769-776: Based on my web search findings, I can now provide a verification of the review comment's concern.

The review concern about edge cases is valid and well-founded.

The web search confirms that Calcite's MetadataQuery.collations() can indeed return collations from multiple sources:

  1. TableScan/RelOptTable declared collations (index or table-level ordering)
  2. Upstream input collations (from Sort, Project, Calc, Window, Join operators)
  3. Provider-specific logic (enumerable implementations, planner-specific handlers)

This means your concern is correct: a collation found via MetadataQuery.collations() may come from:

  • An index's natural ordering (no explicit Sort node)
  • A table's declared collation
  • Upstream operators that preserve collations

When the code calls relBuilder.sort(reversedCollation), it does add a new sort operation if the collation source isn't an actual Sort node. However, the semantics appear intentionally correct—reversing a known ordering (whether from index, table, or upstream) and applying it via sort is still semantically valid.

The issue is verification coverage, not the logic itself. Without access to the repository to check test files, I cannot definitively verify whether all these edge cases (especially index natural ordering without explicit Sort nodes) are covered by tests.


Consider documenting the edge case: collation from metadata query sources beyond Sort nodes.

The code correctly reverses collations from all metadata sources (index ordering, table collations, upstream operators), not just explicit Sort nodes. However, for clarity with the PR's "flip sort directions" documentation, add a comment explaining that MetadataQuery.collations() may return ordering information from index definitions or table metadata, and that the reversed collation is applied uniformly regardless of source. This would also clarify that new sort operations may be added for index-based orderings.

docs/user/ppl/cmd/reverse.rst (1)

14-43: Documentation clearly explains the three-tier behavior and optimization benefits.

The description, behavior section, and note effectively communicate:

  • The conditional logic based on sort/timestamp presence
  • Performance benefits of avoiding materialization
  • Memory optimization rationale

This aligns well with the PR objectives of enabling pushdown and avoiding expensive operations on large datasets.

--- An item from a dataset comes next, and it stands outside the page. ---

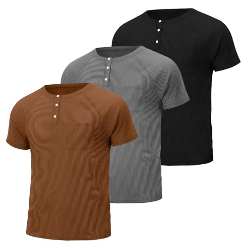 3 Pack Men's Big and Tall Waffle Henley T-Shirts, Raglan Short Sleeve Button Oversized Tops Basic Tees with Pocket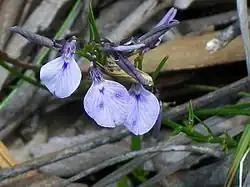 Hybanthus monopetalus, the slender violet-bush, is a common plant in the violet family. It is found in eastern Australia in dry eucalyptus woodland, often in sandstone or granite derived soils, where it is seen growing in relatively shady moist sites, surrounded by dry open country. It may reach 30 cm in height.[1] Flowers form on short racemes at the end of branches. The specific epithet monopetalus translates to "one petal".

integ-test/src/test/java/org/opensearch/sql/calcite/CalciteNoPushdownIT.java (1)

91-91: Include reverse tests in no-pushdown suite – looks good

Adding CalciteReverseCommandIT.class here keeps reverse coverage consistent for both pushdown and no-pushdown modes. No further changes needed.

integ-test/src/test/resources/expectedOutput/calcite/explain_double_reverse_ignored.yaml (1)

1-7: Double-reverse ignored plan matches no-op semantics

Logical/physical plans show no sort introduced for the double reverse case; only limit/project are applied, which matches the described no-op behavior. Fixture looks consistent.

integ-test/src/test/resources/expectedOutput/calcite_no_pushdown/explain_double_reverse_ignored.yaml (1)

1-9: No-pushdown double-reverse ignored fixture is consistent

Plan omits any sort and only reflects system limit and projection, which aligns with the intended “double reverse is a no-op” behavior under no-pushdown.

integ-test/src/test/resources/expectedOutput/calcite/explain_reverse_pushdown_single.yaml (1)

1-10: Single-field reverse pushdown plan matches optimization intent

Logical plan shows original + reversed sorts; physical plan collapses to a single pushed-down age ASC sort with limit, consistent with the described reverse optimization.

integ-test/src/test/resources/expectedOutput/calcite_no_pushdown/explain_reverse_with_timestamp.yaml (1)

1-12: Reverse with @timestamp (no-pushdown) plan matches documented behavior

Plan adds a DESC sort on @timestamp plus the head limit, implemented via EnumerableSort/Limit rather than pushdown, which is exactly what the no-pushdown path is expected to do.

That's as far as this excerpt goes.